The Mystery School Series By: Jeff Williams

Published on Jun 6, 2012 by

"In Chronicles: Part One, Bob Dylan's recently published memoirs, he writes about what has to happen if an individual is to change the times in which he or she lives. To do this, 'you've got to have power and dominion over the spirits. I had done it once...' He writes that such individuals are able to '....see into the heart of things, the truth of things - not metaphorically either - but really see, like seing into metal and making it melt, see it for what it is with hard words and vicious insight.'"

Rosicrucianism - Masonerie


This video dives into the arts of Rosicrucianism, which has hosted some of the most intellectually proclaimed geniuses in our recorded history.

The two for-founders of Calculus were directly influenced by Rosicrucianism.

"Perhaps the movement which most influenced Isaac Newton was Rosicrucianism. Though the Rosicrucian movement had caused a great deal of excitement within Europe's scholarly community during the early seventeenth century, by the time Newton had reached maturity the movement had become less sensationalized. However, the Rosicrucian movement still would have a profound influence upon Newton, particularly in regard to his alchemical work and philosophical thought."

"1667, [Gottfried Wilhelm Leibniz] became secretary to the Rosicrucian society in Nuremberg, receiving a modest salary." Other contemporaries Leibniz was in contact with, such as Boyneburg, discussed the Alchemical arts with each other.

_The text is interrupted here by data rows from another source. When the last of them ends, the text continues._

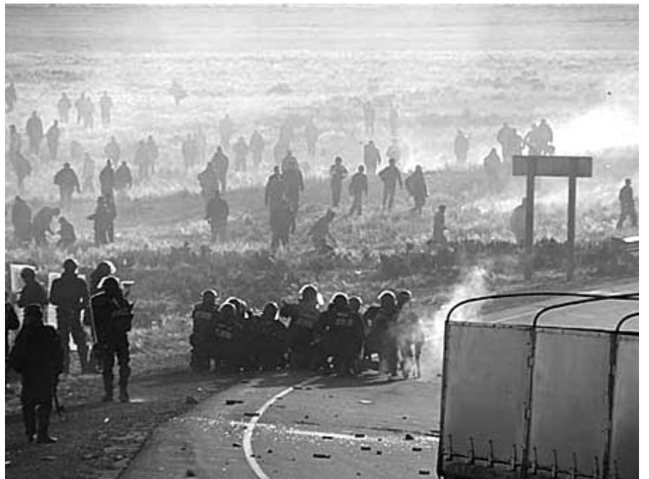
Represión policial en Caihuasi. El gobierno mostró "mano dura" contra los trabajadores para complacer a los empresarios.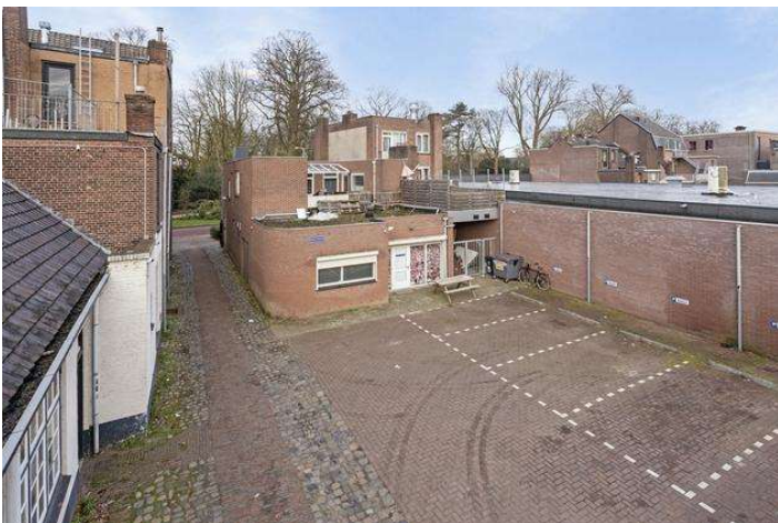
Optioneel parkeerplaatsen beschikbaar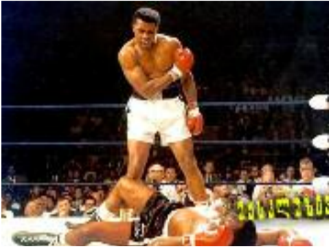
(გაგრძელება წინა ნომრიდან)

ღმერთმა მოაპოთხა თამის განუმეორებელ ჩემპიონს, მშვიდობით, მუჰამედ ალი!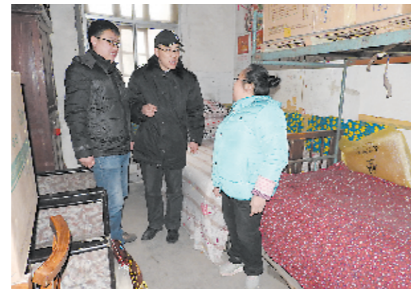
安阳县农合办工作人员到困难群众家中进行慰问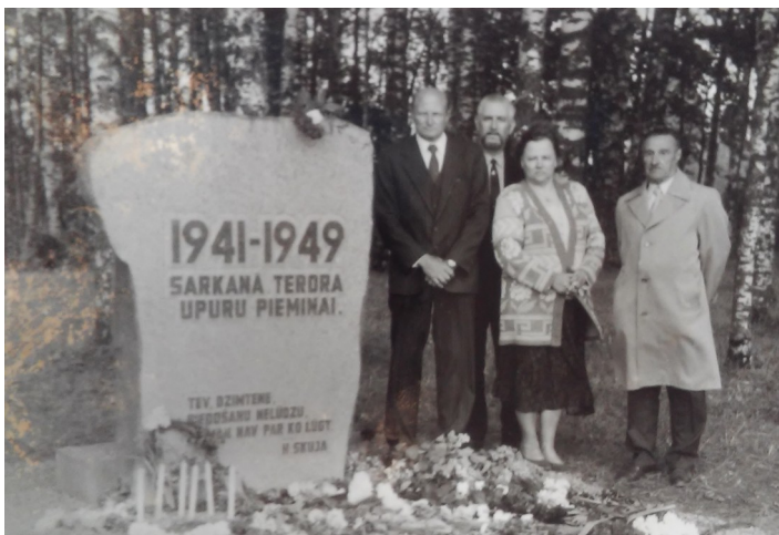
1941.gada 14.jūnijā represētie (Pieminekļa atklāšana 1991.g.)

Deportētajiem atgriezties dzimtenē ļāva tikai pēc Staļina nāves (1953.). Līdz 1963.gadam Latvijā bija atgriezušies apmēram 31 600 cilvēku. Izsūtīšana sasniedza savu mērķi- zemnieki, represiju iebaidīti, sāka stāties kolhozos- nebija citas izejas, lai paliktu uz dzīvi savās mājās

"Throughout history a number of prominent persons in the fields of science and the arts have been associated with the Rosicrucian movement, such as Leonardo da Vinci, Cornelius Heinrich Agrippa, Paracelsus, François Rabelais, Theresa of Avila, John of the Cross, Francis Bacon, Robert Fludd, Jacob Boehme, René Descartes, Blaise Pascal, Baruch Spinoza, Isaac Newton, Gottfried Wilhelm Leibnitz, Benjamin Franklin, Thomas Jefferson, Michael Faraday, Ella Wheeler Wilcox, Marie Corelli, Claude Debussy, Erik Satie, and Edith Piaf."